「まぜるな危険」 – 製品表示は真実の一部分にすぎない

製造者は自分たちが危険だと思うことを警告する事はあっても、利用者が危険性を判断できるよう、必ずしも考慮しているとは限らないし、むしろ警告すべき事を必ずしも警告しているとも限らない。(写真と本記事は関係ありません)

漂白剤が手にかかった経験はあるだろうか。もしなければやってみて欲しい。ヌルヌルするだろう。そしてすぐに手を洗い流してほしい。そうでなければあなたの手は溶けてしまう。

漂白剤は恐らく世界中に存在する。

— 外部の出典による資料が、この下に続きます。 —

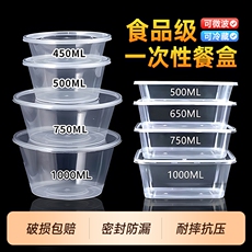 一次性餐盒圆形打包盒圆盒饭盒加厚食品级塑料外卖冰粉碗带盖商用
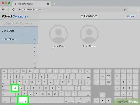 5Selecciona todos los contactos. Presiona Ctrl+A (o Comando+A en Mac) para seleccionar todos los contactos.
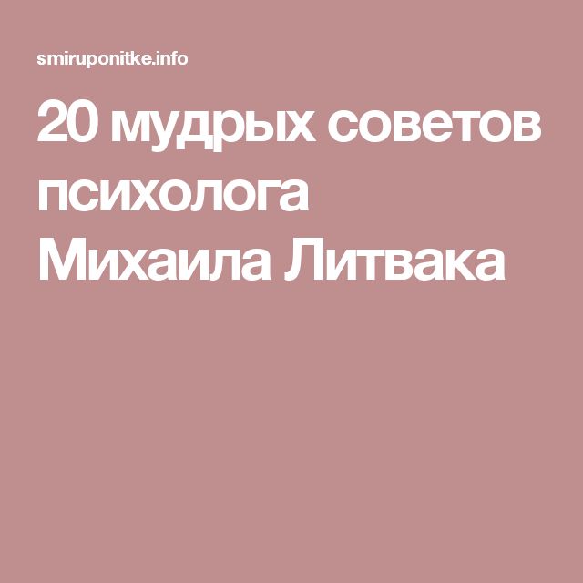 20 мудрых советов психолога михаила литвака: 15 мудрых советов психолога Михаила Литвака

そして多くの家庭では子供の目が届かない場所に保管されているだろう。あなたは漂白剤が危険だと思うだろうか?思う・思わないに関わらず、漂白剤が安全な理由、そして危険な理由の両方について考えてみてほしい。それぞれに納得のいく理由があるだろう。

本当に危険なのは漂白剤そのものではない。漂白剤の性質を知らないことである。もし子供が漂白剤を初めて手につけてみたなら、漂白剤がヌルヌルする事に少なからず興味を抱くはずだ。大人はヌルヌルの正体が化学反応であることを知っている。だから子供が面白半分で漂白剤を使わないように保護監督するのだ。

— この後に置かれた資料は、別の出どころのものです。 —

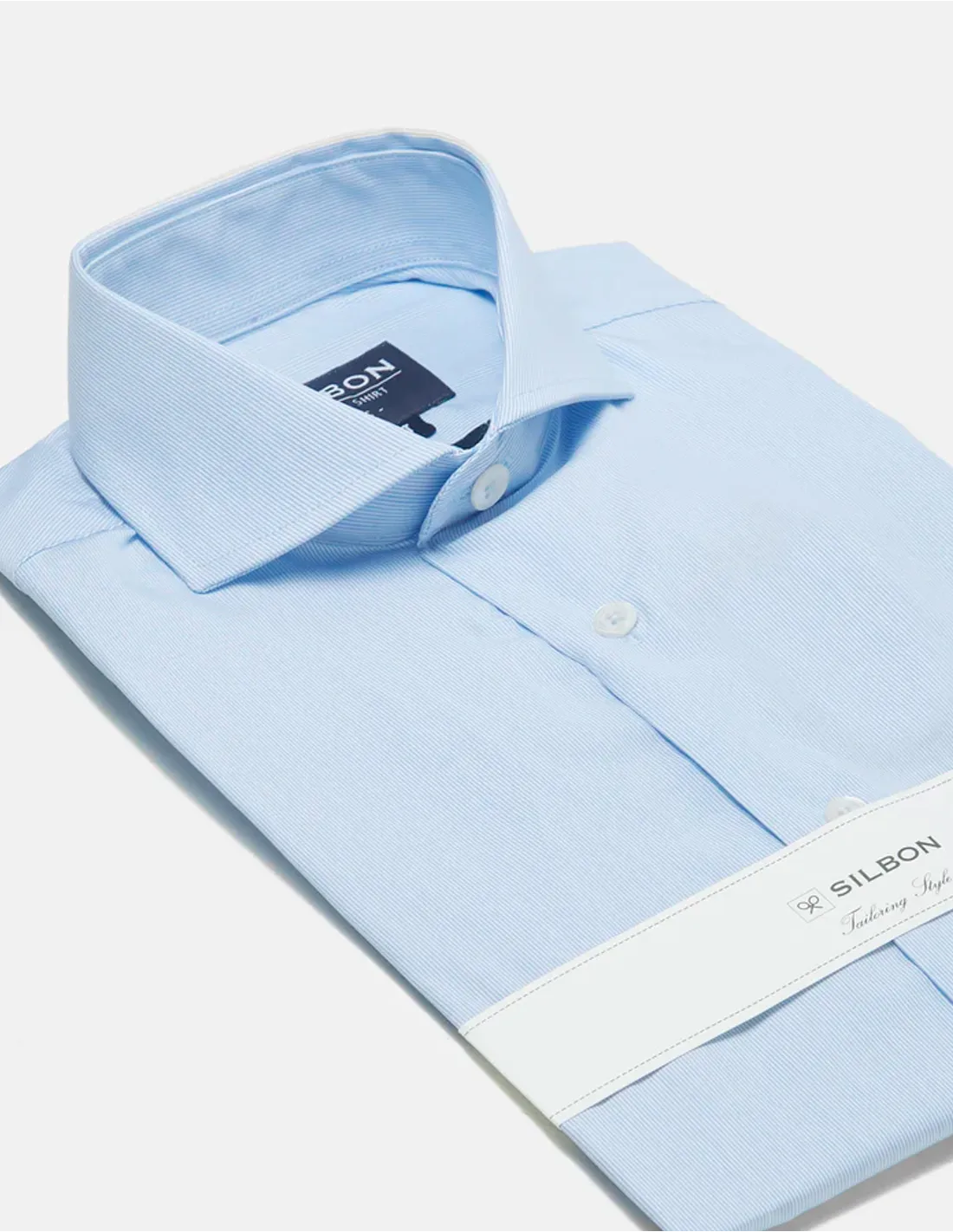 Camisa de vestir Silbon con mini rayas en celeste, confeccionada en algodón de alta calidad. Corte Slim fit y diseño sofisticado para ocasiones formales.

漂白剤はもう二、三の事を教えてくれる。これは事例を探していた私にとって、ただラッキーなだけではなかった。例がまた絶妙なのだ。

一つ目は漂白剤のラベルにはヌルヌル化学反応について一切注意書きがないのである。漂白剤に大きな文字で書かれているのは、あの有名なフレーズ「まぜるな危険」である。そして「酸性タイプの製品と一緒に使うと有害な塩素ガスが出て危険」とも書かれている。しかし、皮膚についた時は水で洗い流すように書かれているだけて、その理由については一切書かれていない。皮膚についた時の危険性を判断できるようにはなっていないのだ。

二つ目は「酸性タイプの製品」について説明がない点である。台所で石鹸を使った後の手で漂白剤を使う可能性を考えてみてほしい。実にあり得る話ではないだろうか。実は石鹸は酸性なのだ。だから漂白剤と反応して塩素ガスが出るのである。(そのはずだが検証したことはない) 厄介なのは石鹸や酸性の食器用洗剤には「まぜるな危険」とは書かれていない事だ。なぜだろうか私は知らない。ここまで書いておいてなんだが、私は化学に詳しくない(笑)。

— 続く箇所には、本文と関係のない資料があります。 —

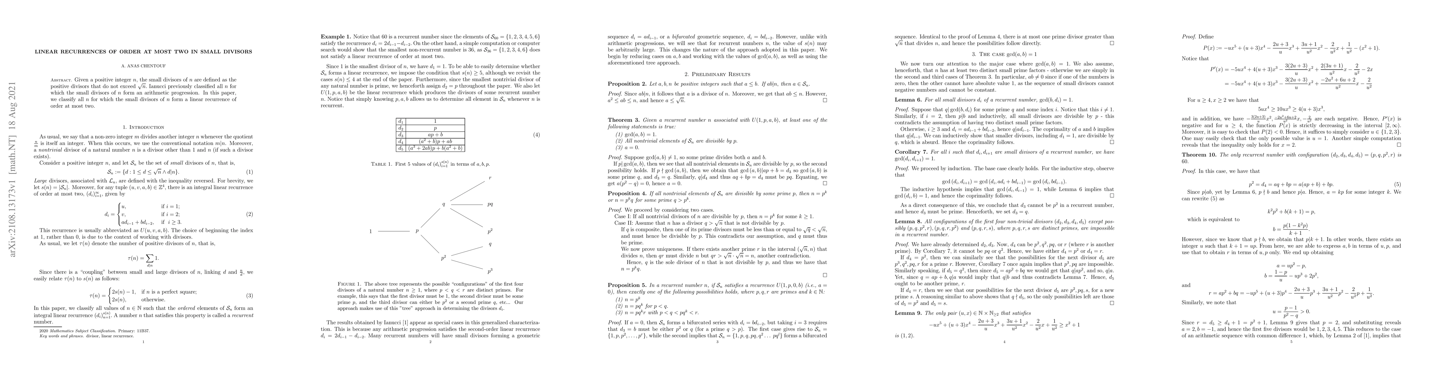 This paper classifies all positive integers $n$ for which the small divisors of $n$ (divisors not exceeding $\sqrt{n}$) form a sequence defined by a linear recurrence relation of order at most two, extending previous work on arithmetic progressions of small divisors.

例が絶妙だと言った理由は、これらの事が今後話題にするセキュリティの事例にピッタリ適用できるからである。すなわち、製造者は自分たちが危険だと思うことを警告する事はあっても、利用者が危険性を判断できるよう、必ずしも考慮しているとは限らないし、むしろ警告すべき事を必ずしも警告しているとも限らないという事だ。

以下のことを忘れないでほしい。

  • 本当に危険なのは製品そのものではない。製品の性質を知らないことである。
  • 製造者は利用者が危険性を判断できるよう、必ずしも考慮しているとは限らない。
  • 製造者は警告すべき事を必ずしも警告しているとは限らない。